Povos indígenas ocupam prédio da Funai em Guajará Mirim (RO)

Manifestantes pedem, ainda, a exoneração do coordenador Funai em Guajará-Mirim, RO (Foto: Dayanne Saldanha/G1)
Manifestantes pedem, ainda, a exoneração do coordenador Funai em Guajará-Mirim, RO (Foto: Dayanne Saldanha/G1)

 Cimi Regional Rondônia

Os povos indígenas Oro Nao, Oro Waram, Oro Waram Xijein, Oro Mon, Jabuti, Cao Oro Waji, Oro Jowim, Oro Win, Oro Eo, Oro At, Makurap, Cabixi, Tupari, Canoé, Arikapu, Puruborá, Sakirabiat, Wayoro, Cujubim, Migueleno da região de Guajará Mirim e Nova Mamoré, em Rondônia, desde o ano passado, vêm reivindicando melhores condições de vida e garantia dos direitos constitucionais.
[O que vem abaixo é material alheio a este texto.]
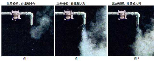 B、若疏水閥后的冷凝水伴隨著壓力呈“淋浴花灑狀”噴出,同時伴隨著一團團的“白霧狀”氣體,這就是閃蒸汽,說明疏水閥是正常排放。如下圖1-3。

Durante a 13ª Assembleia da Organização Oro Wari (realizada em dezembro de 2013), após avaliação e debate, os povos reunidos chegaram ao consenso de que é preciso urgentemente mudar a Coordenação atual da Fundação Nacional do Índio (Funai), pois esta não está respondendo aos anseios e necessidades dos povos desta região. Foi encaminhado, ainda no ano passado, um documento reivindicando esta mudança, porém a Funai está surda às solicitações dos povos. Continue lendo “Povos indígenas ocupam prédio da Funai em Guajará Mirim (RO)”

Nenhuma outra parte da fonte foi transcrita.